Microscopic characterization of InAs/In0.28GaSb0.72/InAs/AlSb laser structure interfaces

Abstract

We have used cross-sectional scanning tunneling microscopy (XSTM) and transmission electron microscopy (TEM) to study ${\mathrm{I}\mathrm{n}\mathrm{A}\mathrm{s}/\mathrm{I}\mathrm{n}}_{0.28}{\mathrm{Ga}}_{0.72}\mathrm{S}\mathrm{b}/\mathrm{I}\mathrm{n}\mathrm{A}\mathrm{s}/\mathrm{A}\mathrm{l}\mathrm{S}\mathrm{b}$ strained-layer heterostructures designed for use in infrared lasers.
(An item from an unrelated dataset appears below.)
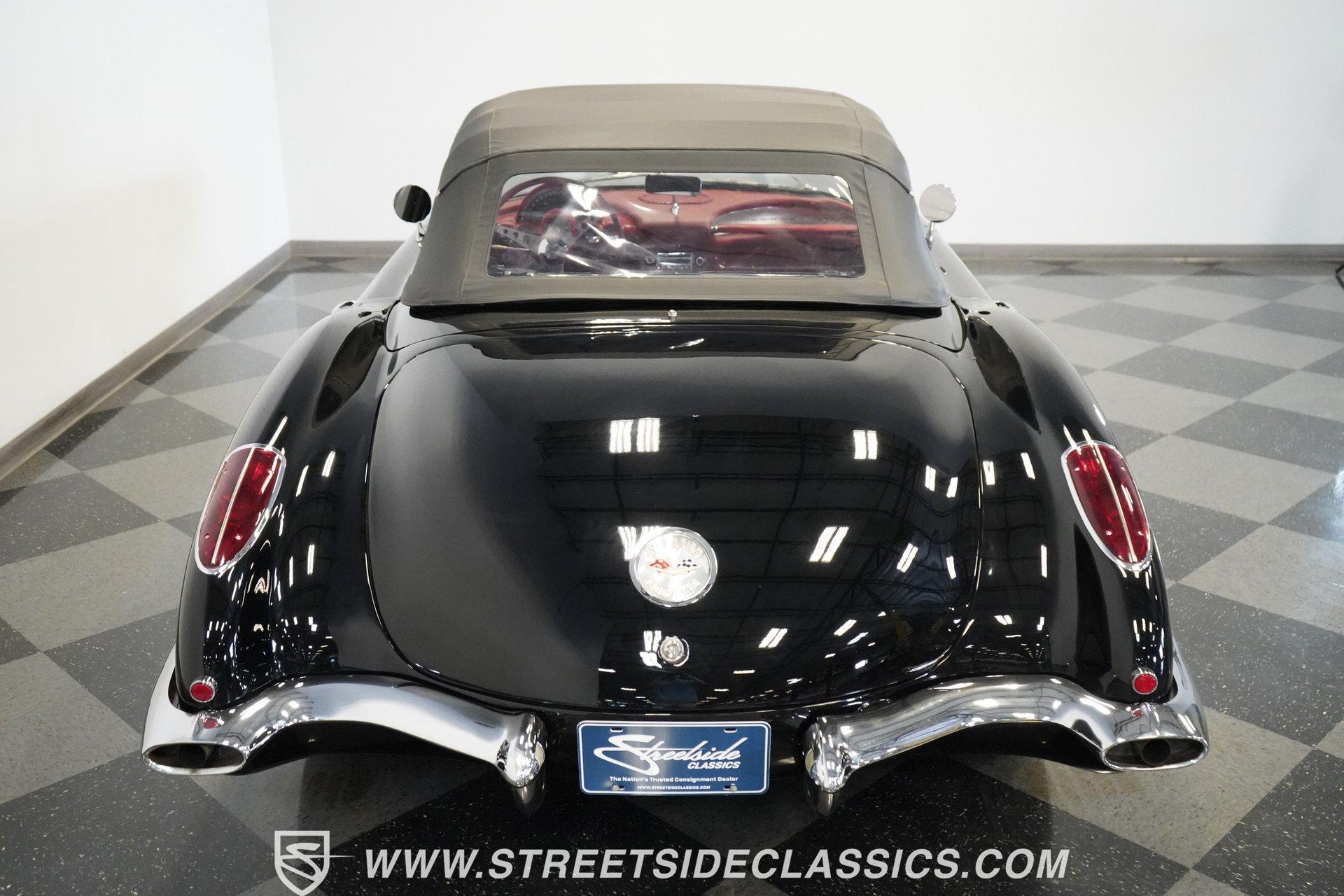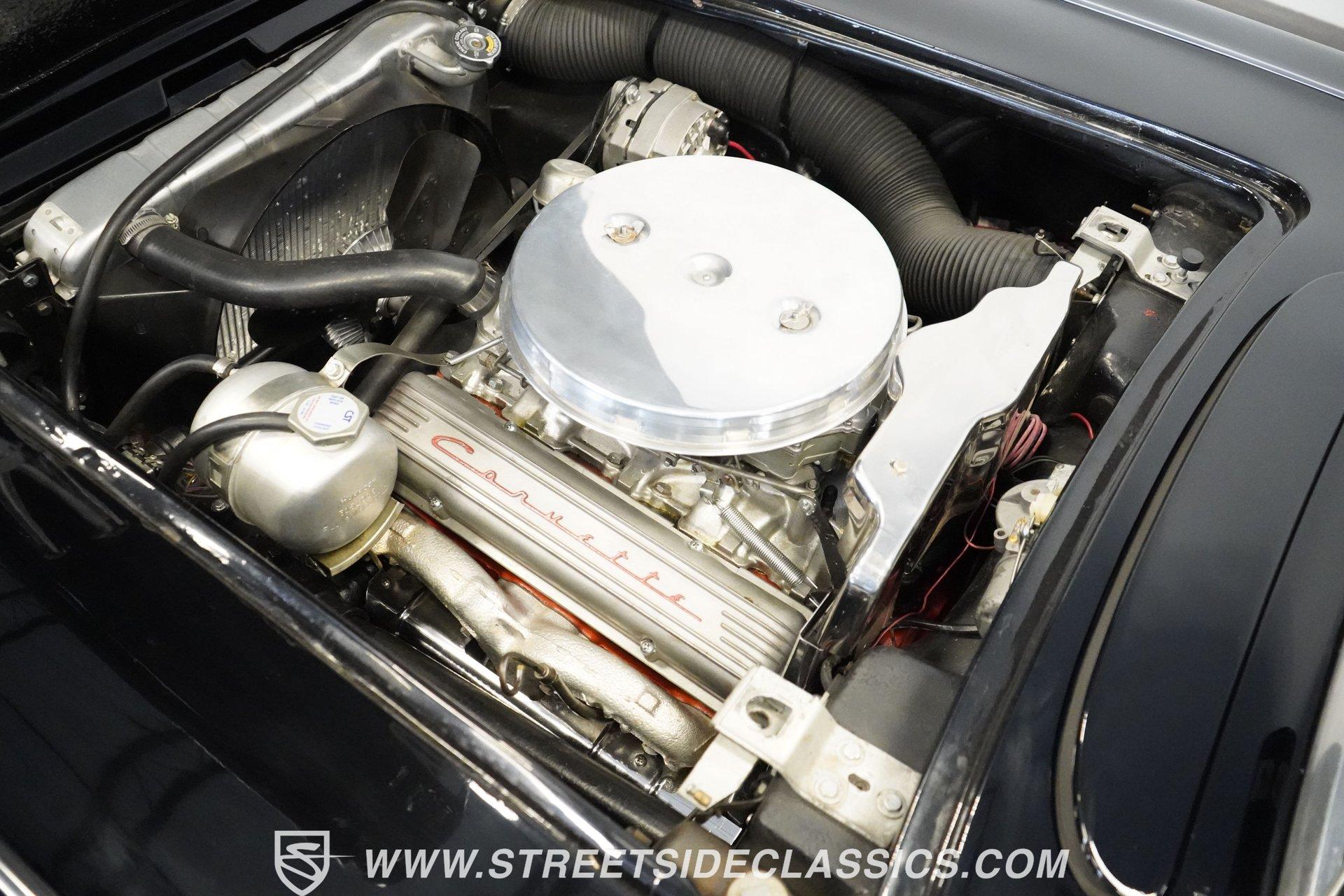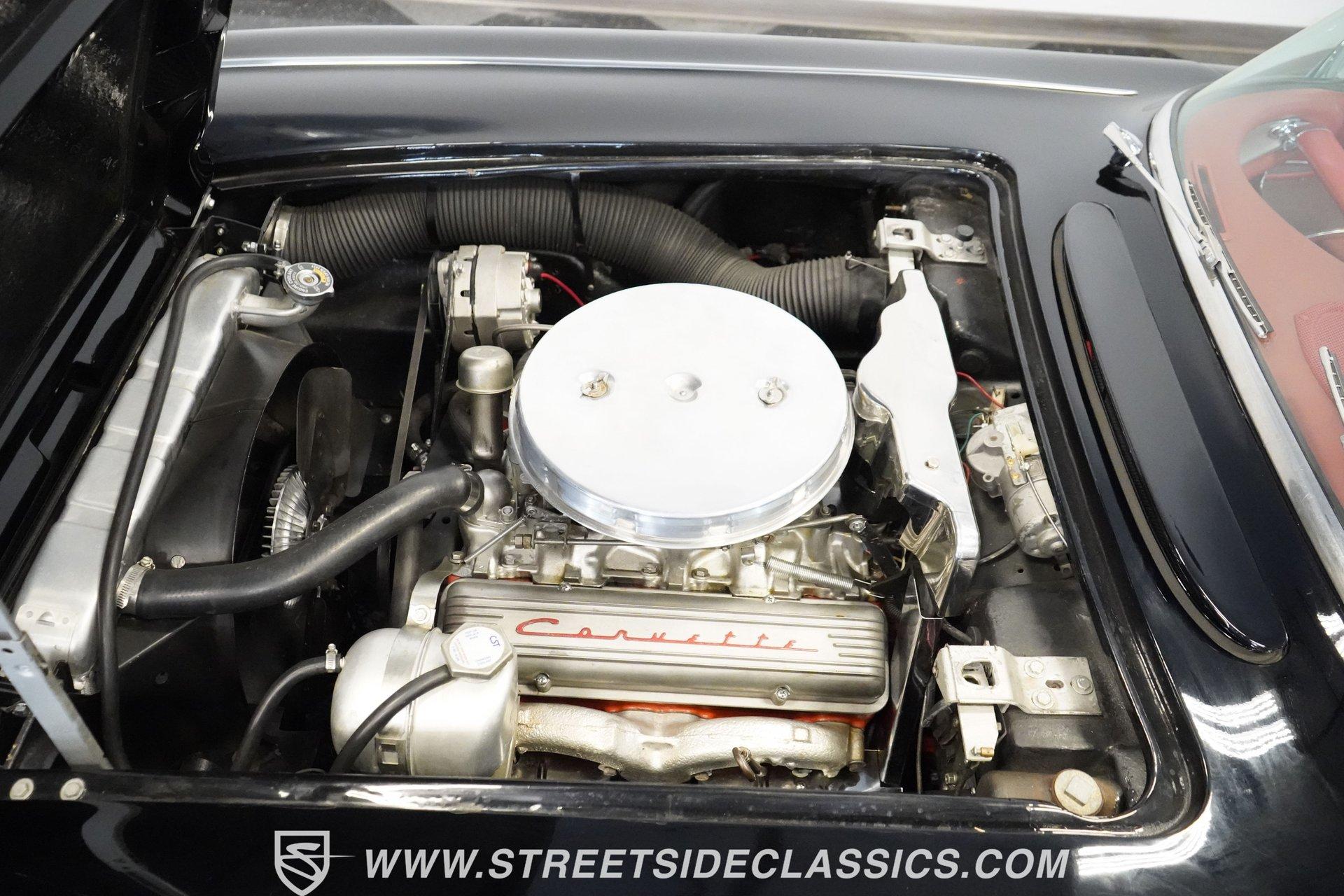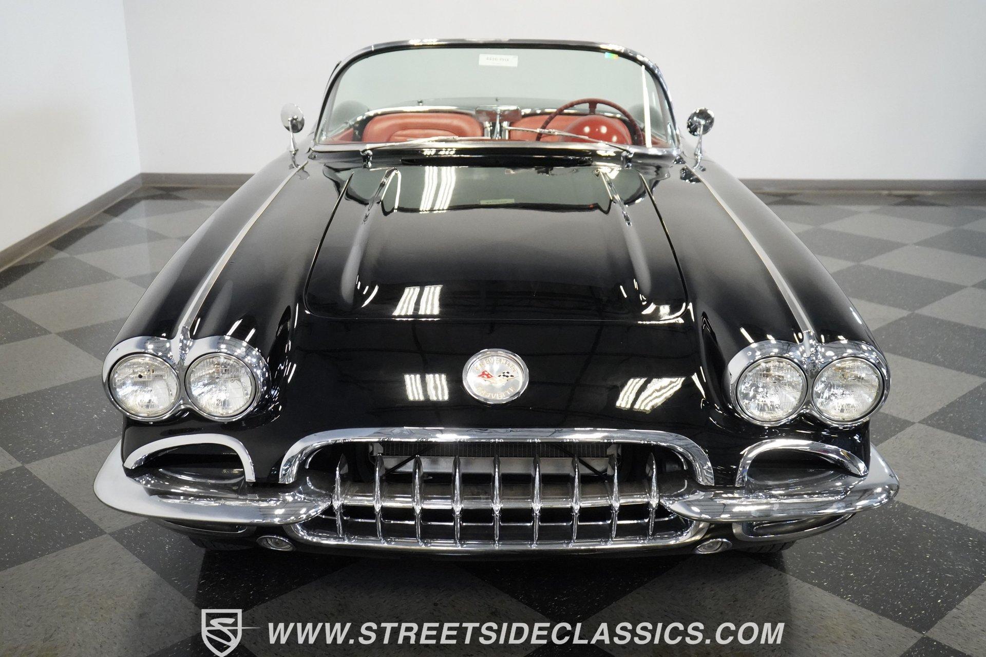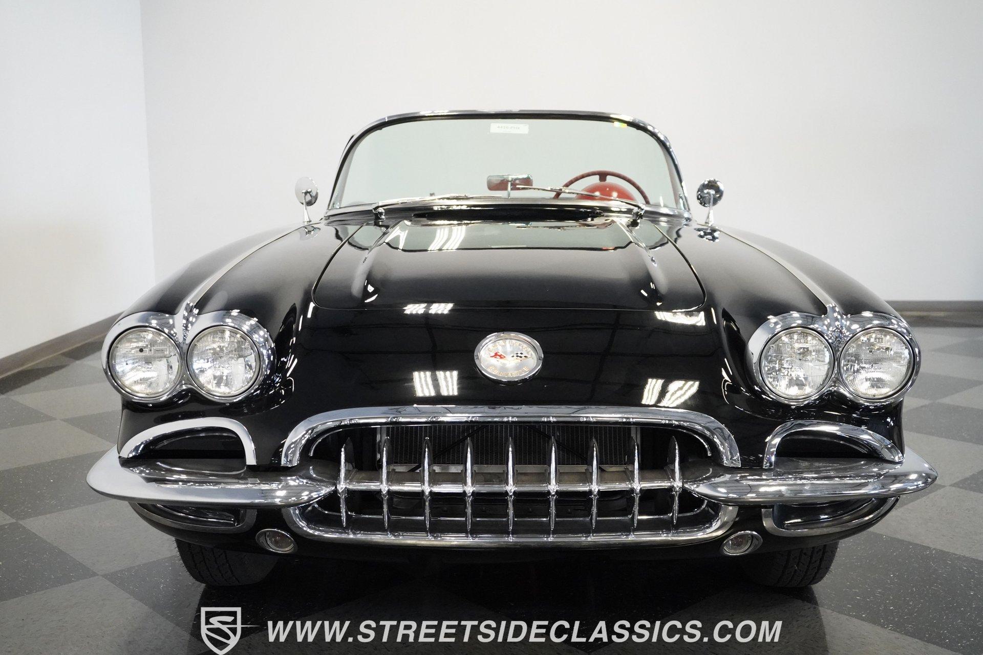 In 1959, Chevrolet cleaned up some of the Corvette's 1958 affectations, getting rid of the waffled hood and the overdone chrome strips on the trunk. Sales remained steady at 9,670, at the base price was $3,875, up about $300 from the year before. Engines for the 1959 Chevrolet Corvette ranged from the base 283-cubic inch V8, with 230 horsepower, to the Rochester fuel-injected 290-horsepower setup. Door panels were redesigned to increase elbow room, instruments were changed to make them more legible, with tachometers now reading to 7,000rpm. A storage bin was added underneath the passenger's grab bar, which was more padded. Four-speed cars now had a "T" shift handle with positive lockout from reverse gear. This handsome restored Corvette is finished strikingly in Tuxedo Black with Inca Silver cove and a black convertible top. The classic styling is complemented by a set of wide whitewall Coker Classic radial tires that appear period correct, but with enhanced drivability. The red interior pops against the Black exterior color and is restored to stock specifications, including the optional factory Wonderbar signal-seeking radio. HIGHLIGHTS: 283 V-8 engine 4-Speed manual transmission Factory 2 4-barrel carburetors Coker Classic wide whitewall radial tires Optional factory Wonderbar radio Fully restored and in excellent condition Desirable Tuxedo Black with Inca Silver cove Red interior Correct spinner wheel covers Hurst shifter Black convertible top Red interior Under the hood is an authentic appearing 283 cubic-inch V8 with optional dual Carter 4-barrel carburetors paired with a 4-speed manual transmission with a Hurst shifter that makes this classic Corvette a pleasure to drive. A pioneering automobile and an icon of American culture, the first-generation Chevrolet Corvette is one of those rare machines that transcends the world of collector cars, drawing in and winning over all who lay eyes on it. A model as usable as it is historically significant, this 1959 Chevrolet Corvette would be just as at home cruising to "cars and coffee" events as it would serving as the cornerstone of a serious collection of American muscle. Call today!
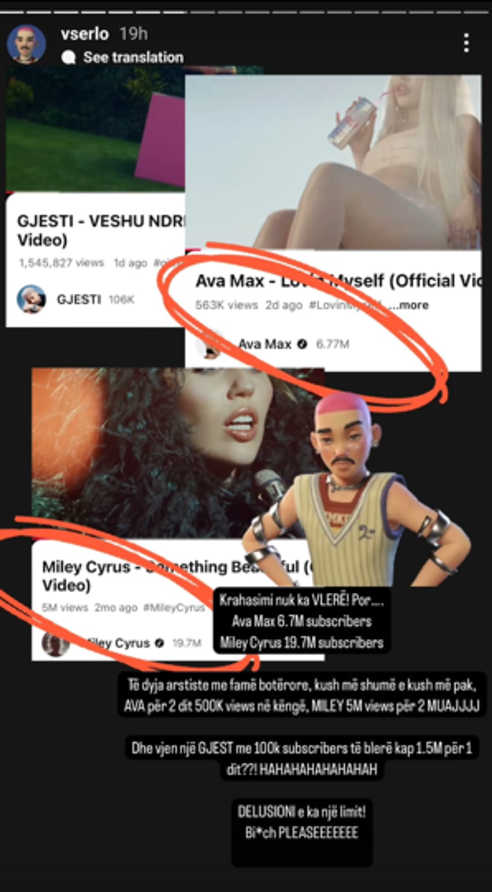 Ish-konkurrenti ka bërë krahasime të drejtpërdrejta me artistë ndërkombëtarë si Miley Cyrus dhe Ava Max, duke theksuar se ato kanë më shumë ndjekës, por më pak klikime në këngët e tyre.

The samples came from the same material previously characterized by photoluminescence (PL) and x-ray diffraction [M. J. Yang et al., J. Appl. Phys. 86, 1796 (1999)]. Several structures grown at different temperatures and with either III-As or III-Sb-like interfacial bonds have been characterized. Analysis of high-resolution TEM images finds the same degree of interfacial roughness (∼1 ML) for both III-As and III-Sb interfacial bonded heterostructures, despite significantly greater PL intensity in the latter. We also implement and compare two different methods for analyzing the interfacial roughness using XSTM; both show that the crucial InAs/InGaSb interface is rougher in the samples grown at high temperature. Even in samples grown at the optimal temperature (∼440 °C), XSTM reveals intermixing at the AlSb-on-InAs interfaces, as well as unexpected differences in the interfacial bond types at the InAs-on-AlSb vs AlSb-on-InAs interfaces. Whereas all layers grown at or below the optimal growth temperature appear defect-free in TEM, threading dislocations are observed in samples grown at higher temperature.